Splitting Condoms

One of the ploys used by certain pro-contraceptive people is to point to the terrible AIDS epidemic in Africa and argue that condoms should be used to help prevent further spread of the disease. They claim that to deny the use of condoms for this purpose would be absurd, irresponsible, criminal. So if the Catholic hierarchy says condom use for this purpose is still wrong then they brand the Catholic Church as irresponsible and its hands stained by the blood of millions of dead Africans. And if the Catholic hierarchy says this is a legitimate reason to use condoms then the pro-contraceptive person sits back contentedly thinking the Church has finally admitted condoms have a legitimate use, and has therefore inadvertently conceded condoms are morally permissible as a contraceptive too. This is not necessarily logical but it is a common ploy. It is the same type of ploy one used to find in most abortion debates. Years ago abortion debates invariably digressed to the hard cases of rape, incest and physical health of the mother (e.g. an entopic pregnancy). If one admitted abortion might be legitimate in these cases (which the Church does not) then the pro-abortion debater believed you had conceded the case for the legitimacy of abortion per se. It is true that if one says something is “intrinsically evil,” as the Catholic Church teaches abortion and contraception are, then to admit even one case where direct intentional abortion or contraception is morally good is to contradict the claim it is intrinsically evil.

But if a Catholic theologian were to argue (as some do but not all) that condoms used with the sole intention of preventing ones spouse from contracting AIDS is morally permissible because it is not the same thing as condoms used with the direct intented purpose of preventing pregnancy – and that this can be seen as a reasonable application of the principle of double effect (just as taking the Pill with the sole intention of regulating heavy menstrual bleeding is not the same thing from a moral standpoint as taking the Pill with the direct intention of preventing pregnancy). The principle of double effect seems to permit the use of medically indicated procedures or drugs even when these have a conception inhibiting effect; therefore, there is a legitimate debate right now about whether condom use by a married couple to prevent HIV falls into the category of permissible acts.  A separate issue is whether, with condoms being far from 100% effective in preventing the spread of the HIV virus, one can even consider it loving or responsible to engage in an action that unnecessarily exposes one’s spouse to the risk of infection by a potentially lethal disease?
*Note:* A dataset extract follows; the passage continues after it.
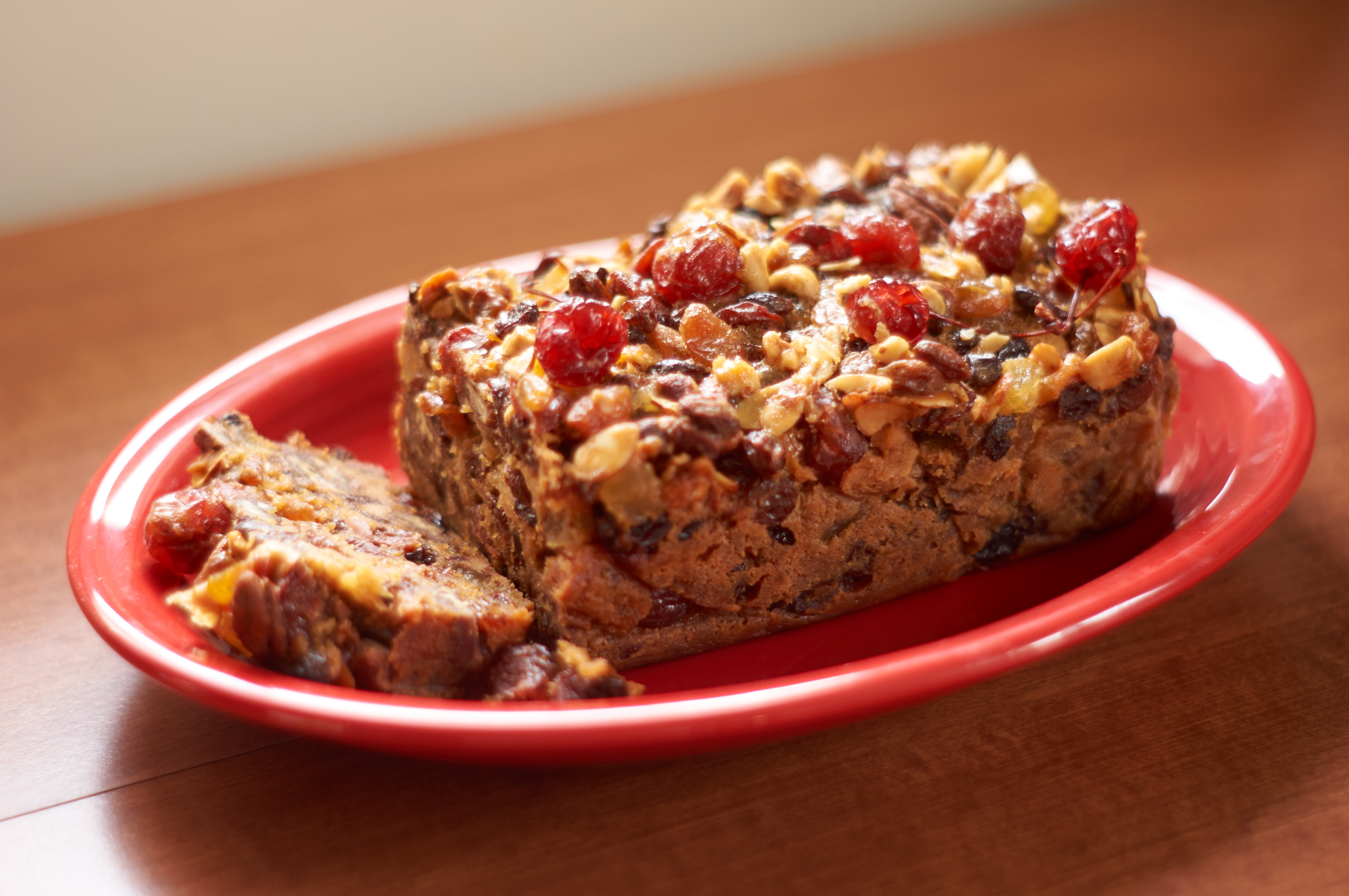 Fruit Cake from a recipe dating to at least 1940, possibly earlier. The person who wrote the recipe had roots dating back to Colonial America, though it is unclear where exactly the recipe itself originates.

For a better understanding of the principle of double effect, read this article

But this is too sophisticated for most people to handle and appears to them as hair splitting – even though the principle of double effect is what makes possible different moral evaluations between, say, surgery with a scalpel and assault with a knife. The instrument is basically the same but the intended purpose for which it is used is different, one good the other evil, leading to a different moral evaluation between the two acts. 


Vatican Says No Change to Teaching Against Condom Use

By Gudrun Schultz

VATICAN CITY, May 5, 2006 (LifeSiteNews.com) – Cardinal Alfonso Lopez Trujillo, president of the Pontifical Council for the Family, said the Catholic Church would not change its position on the use of condoms to prevent the spread of AIDS, reported the Catholic News Agency this morning.

In an interview with Columbia’s Radio Cadena Nacional, Cardinal Trujillo said the Vatican “maintains unmodified the teaching on condoms” and said Pope Benedict XVI has not called for any studies on altering the prohibition against condom use.

“As a dicastery we do not have any instruction or any indication to the contrary, to carry out a study about something new with regards to condoms,” he said.

Retired Italian Cardinal Maria Martini, known for his liberal opinions on social issues, commented last month that condom use to prevent the spread of AIDS was “the lesser evil.”

Cardinal Javier Lozano Barragán, head of the Pontifical Council for Health Care, created further confusion by announcing the Pope had commissioned a study on the issue, saying, “My council is studying this attentively with scientists and theologians expressly charged with preparing a document on the subject, which will be made public soon.”

“It was Pope Benedict who asked us to make a study on this particular aspect of the use of condoms by those with AIDS and other infectious diseases.”
The comments stirred an enthusiastic media response, with international headlines proclaiming the Vatican was considering lifting the condom ban.
Cardinal Barragán responded quickly by stating that he was only producing an internal study for Vatican authorities and had no authority to produce an official pronouncement on the issue.

A vocal supporter of the Church’s teaching on contraception, Cardinal Trujillo said the recent statements by retired Italian Cardinal Maria Martini “are nothing more than his own personal opinions which do not reflect [Church] teaching.” He said Cardinal Martini “should explain how the condom prevents AIDS if it is true he said it is a lesser evil.”

Cardinal Trujillo said the Church believes the only way to truly combat AIDS is through fidelity and chastity, which are the only morally acceptable means. Contraception damages the integrity of the full gift of self, which is intrinsic to the sexual act.